* Your objective: Find the line with "Die Schiefertafel der" in the records below, then please transcribe it and every later line exactly, omitting the pictures and adding nothing.

*** Material to process Section Begins ***

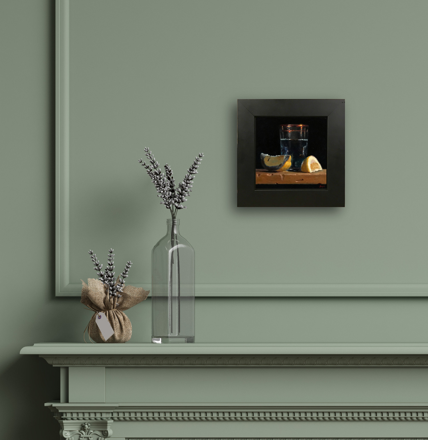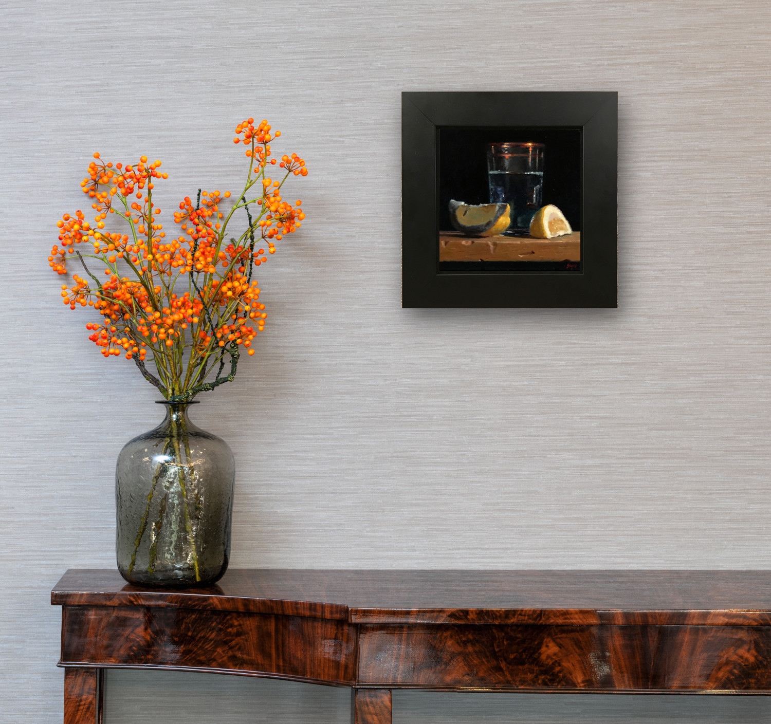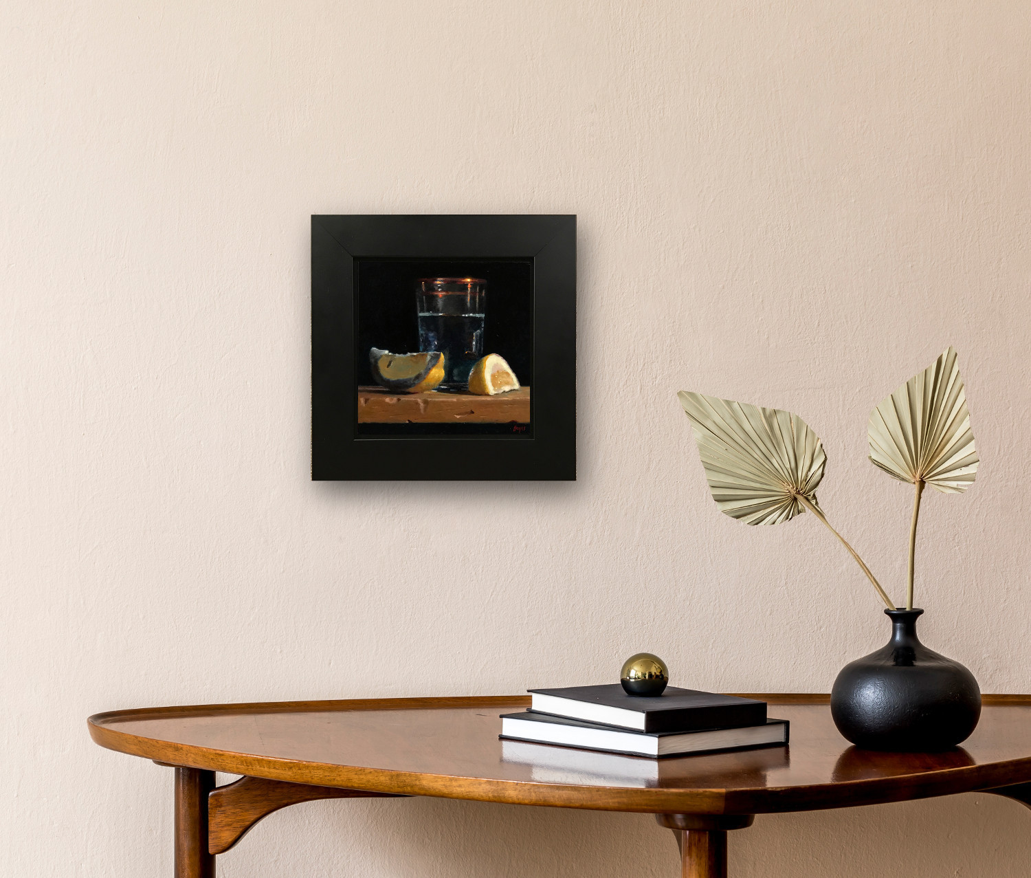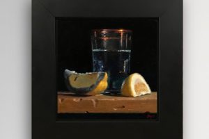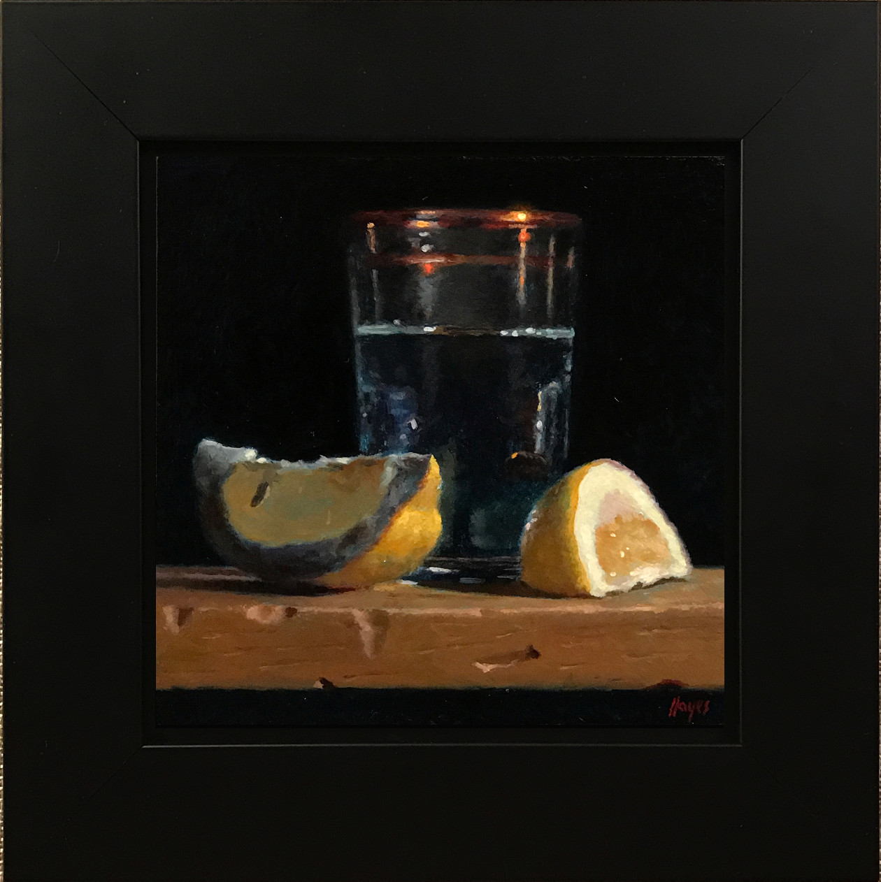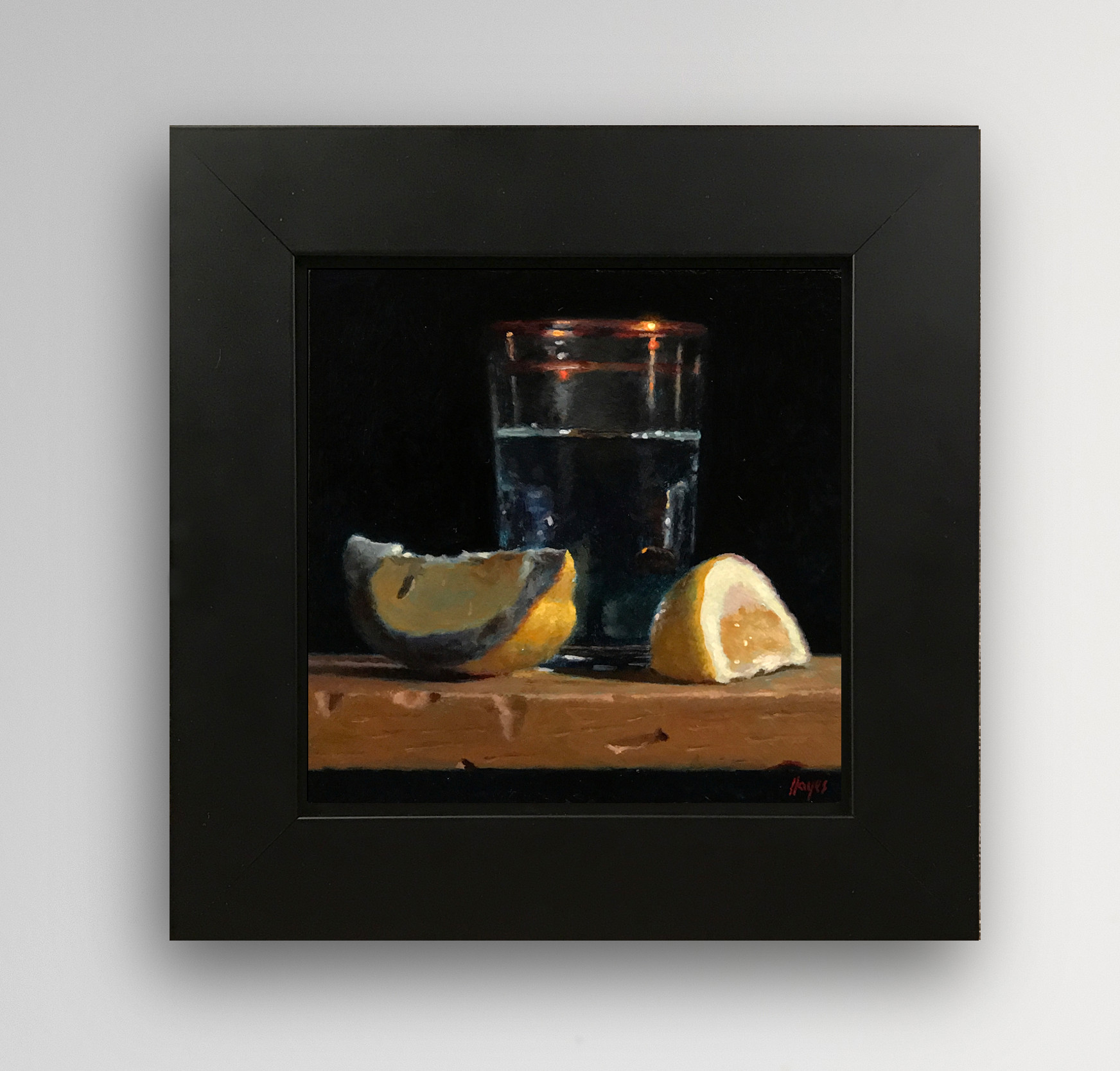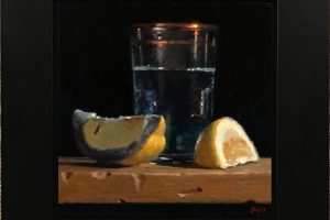 “Lemon Slices and Water Glass” is an original still life painting, done with oil on panel.
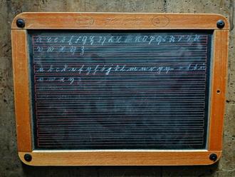 Die Schiefertafel der Marke Teutonia mit der Lineatur für die erste Klasse
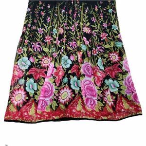 Lola P. Chiffon Shift Colorful Floral Black Dress Embellished Neck Pullover XL
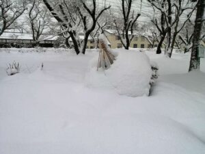 あきた芸術村の庭だより「ホワイトアウト!」
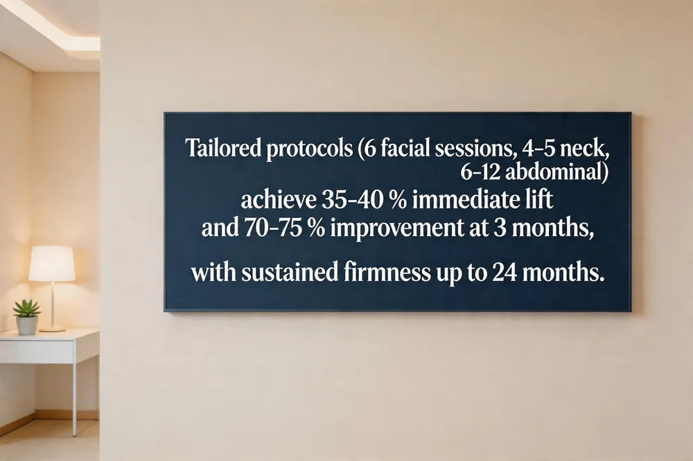 Results timeline per area – Clinical data show skin‑tightening gains of 35‑40 % at treatment end, rising to 70‑75 % after three months; wrinkle reduction improves from 40‑45 % to 90‑95 % in the same period. Face and neck typically exhibit visible lift within 2‑4 weeks, with maximal collagen maturation at 3‑6 months. Tummy skin shows a subtle lift after a single session, with continued firmness for up to 12‑24 months when a full 6‑12‑session course is completed.
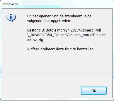 Ik heb net de update gedaan van aldfaer naar 7.1. Nu probeer ik mijn stamboom te openen en krijg ik de volgende melding. Wat kan ik doen om mijn stamboom terug te krijgen?
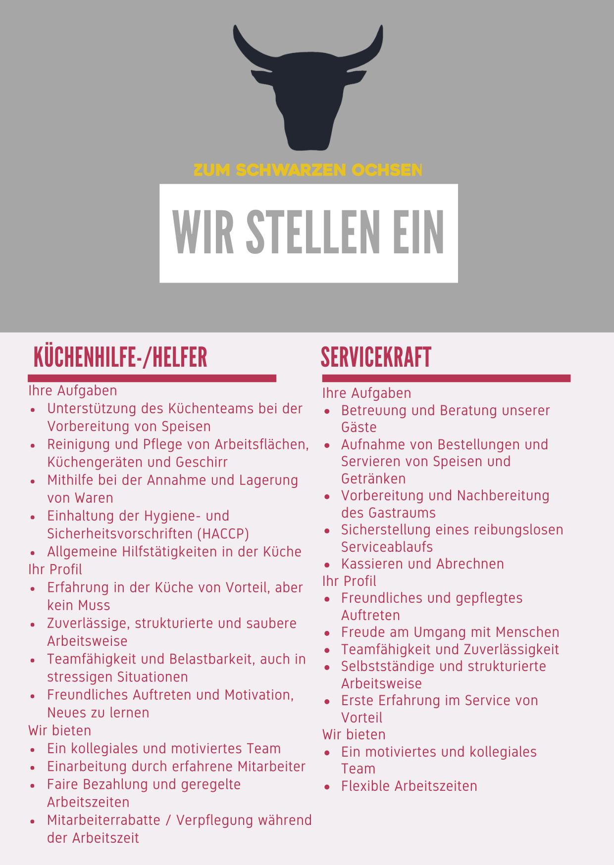 Personal gesucht....

*** Material to process Section Ends ***

* Worked solution:
 Die Schiefertafel der Marke Teutonia mit der Lineatur für die erste Klasse
 Lola P. Chiffon Shift Colorful Floral Black Dress Embellished Neck Pullover XL
 あきた芸術村の庭だより「ホワイトアウト!」
 Results timeline per area – Clinical data show skin‑tightening gains of 35‑40 % at treatment end, rising to 70‑75 % after three months; wrinkle reduction improves from 40‑45 % to 90‑95 % in the same period. Face and neck typically exhibit visible lift within 2‑4 weeks, with maximal collagen maturation at 3‑6 months. Tummy skin shows a subtle lift after a single session, with continued firmness for up to 12‑24 months when a full 6‑12‑session course is completed.
 Ik heb net de update gedaan van aldfaer naar 7.1. Nu probeer ik mijn stamboom te openen en krijg ik de volgende melding. Wat kan ik doen om mijn stamboom terug te krijgen?
 Personal gesucht....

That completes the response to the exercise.